L’IMPERSCRUTABILE FRETTA DI CRESCERE

 

La prima volta che ho avvicinato il concetto di smalto per le unghie fu alla Standa. Un’idea di quanto tempo sia passato vi arriva a missile direttamente dal nome di questi supermercati che se non sapete cosa sono levatevi di torno.

Alla cassa ci arrivavo appena, stringevo un flaconcino di vernice iridescente, perché allora era di moda così. La cassiera mi guarda armeggiare coi miei pezzetti da mille, poi mi liquefà in un improvviso: «Ma non sarà mica per te?!»
«No, è per mia sorella…», le mani sminuzzate di vergogna sul banco.

Ed era vero, era per mia sorella. Ma restava l’offesa imperdonabile di esser stata considerata troppo piccola. E non tanto perché questo era in apparente disaccordo col pitturarsi le unghie, quanto perché

ero affetta dalla sindrome del «dimostri meno degli anni che hai».

Menarca tardivo, tette tardive (le sto ancora aspettando), lentiggini, capelli naturalissimi, nel senso di «lunghi e che scendono», l’apoteosi del non-interventismo da fanciullina collegiale. Cerchietto a suggellare. Nei tempi più bui della mia adolescenza però li tagliai e il peggio che riuscii a guadagnarmi fu quella volta al parco giochi in Alto Adige, quell’essere adulto di sesso probabilmente femminile che m’intimò di spostarmi dalla giostra girevole, insomma uno di quei tornelli che tutti i bambini si siedono e poi girano il volante al centro e la ruota impazza e non si sa come ma non vomita nessuno.

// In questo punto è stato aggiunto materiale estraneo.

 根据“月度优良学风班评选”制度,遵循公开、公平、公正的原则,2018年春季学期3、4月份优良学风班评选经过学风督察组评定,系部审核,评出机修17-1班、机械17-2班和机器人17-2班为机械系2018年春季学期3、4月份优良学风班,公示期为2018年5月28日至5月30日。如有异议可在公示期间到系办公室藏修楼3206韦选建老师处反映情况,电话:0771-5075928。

Comunque mi si avvicina e mi dice «bambino, levati».

Come per lo smalto, il gibollo psicologico, anzi la frattura scomposta del mio animo, certo non fu per la forzata mobilitazione del mio agile corpo: ero sottostimata di età. E pure maschio.

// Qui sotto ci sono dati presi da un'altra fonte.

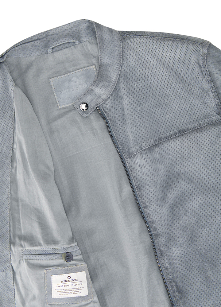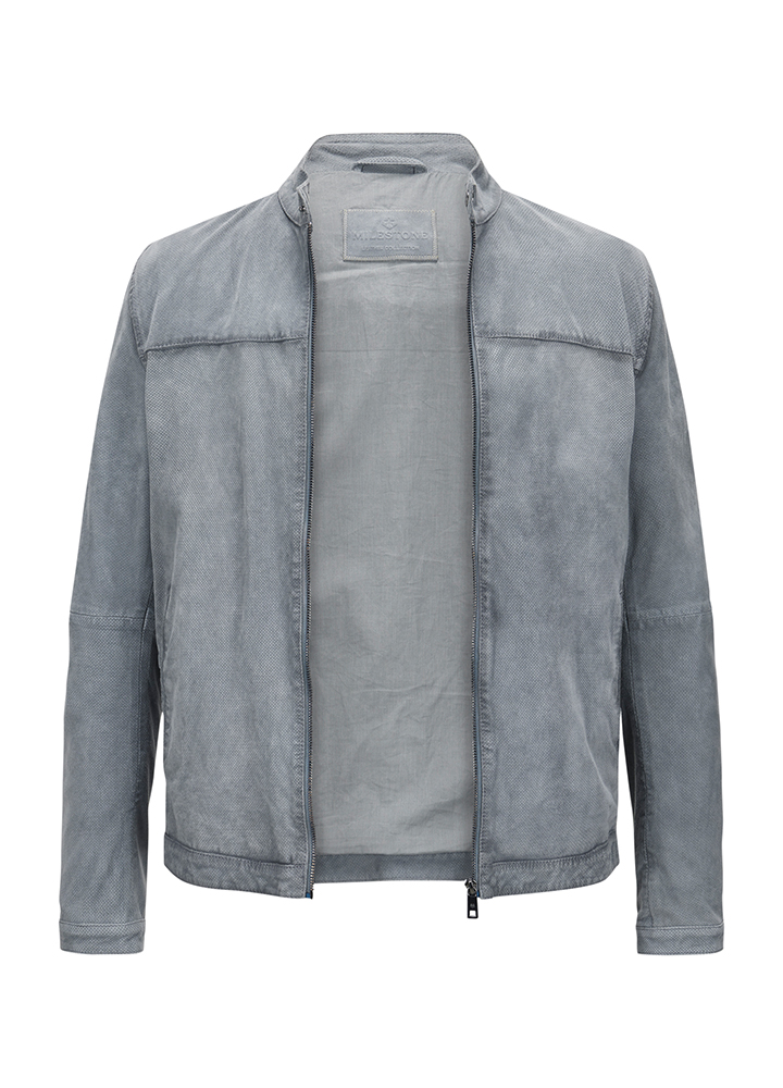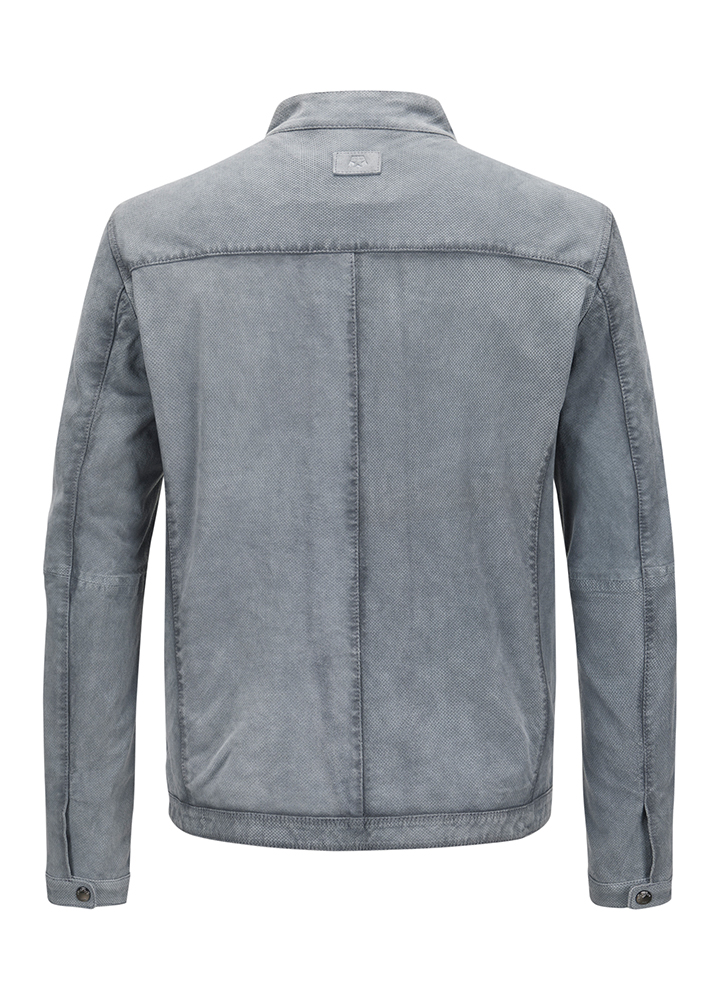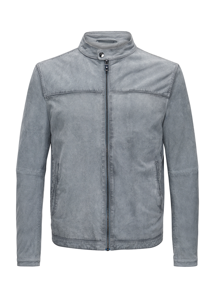 La veste distinctive en daim souple, effet subtil bicolore, ton bleu jeans
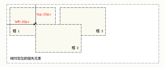 提示:相对定位实际上被看作普通流定位模型的一部分,因为元素的位置相对于它在普通流中的位置。 绝对定位是相对于父级元素而言的,也就是绝对定位必须由一个参照物(默认为父级元素)。 固定定位是元素绝对固定在某个位置。 四、应用场景1、相对定位相对定位是一个非常容易掌握的概念。如果对一个元素进行相对定位,它将出现在它所在的位置上。然后,可以通过设置垂直或水平位置,让这个元素“相对于”它的起点进行移动。 如果将 top 设置为 20px,那么框将在原位置顶部下面 20 像素的地方。如果 left 设置为 30 像素,那么会在元素左边创建 30 像素的空间,也就是将元素向右移动。 效果图:
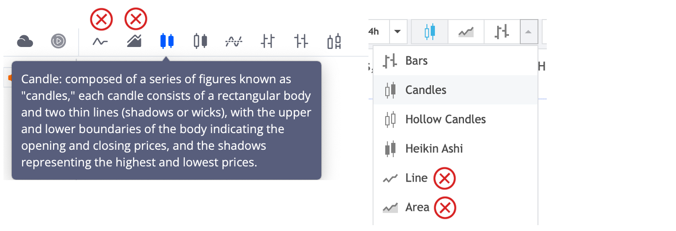 Candlesticks is a basic feature that most platforms have available, you just need to change the type of graph to candlesticks from area or line!
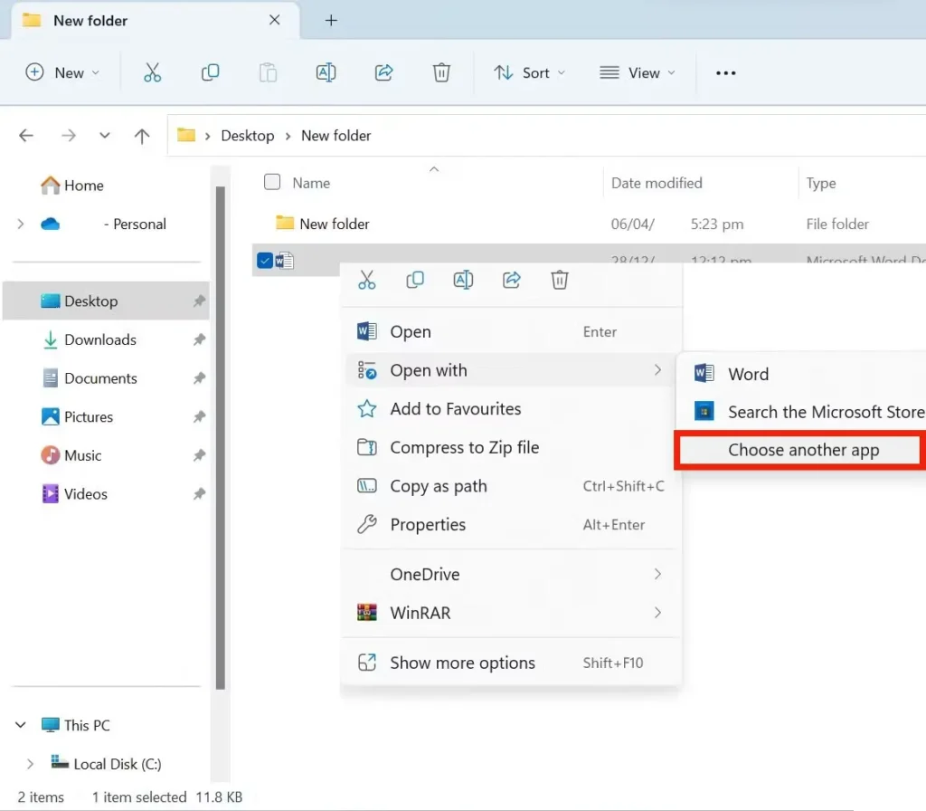 Select the option – Open with.

Fu allora che per la prima volta pensai che tutto sommato le madri erano una specie umana di merda. Almeno coi figli degli altri.

Come per molte altre cose gli inizi furono timidi, uno smalto rosa tenue, uno trasparente. Lo stesso di certi reggiseni che acquistavo invariabilmente privi di pizzo e virginali per non accusare sensi di colpa riflessi dalla mia madre interiore (faccio notare che stavo per digitare inferiore: non so se nel senso delle parti basse o di livello di stima).

Lo smalto rosso è una scoperta quasi recente, data dall’allineamento d’età con quella cassiera che forse non è nemmeno più viva. È vero, confermo, il rosso è da signora. Quello che non sapevo è che fa evidentemente parte della naturale evoluzione della donna smaltarsi di quella tinta a una certa età. Ed è altrettanto spaventoso averla raggiunta, quell’età.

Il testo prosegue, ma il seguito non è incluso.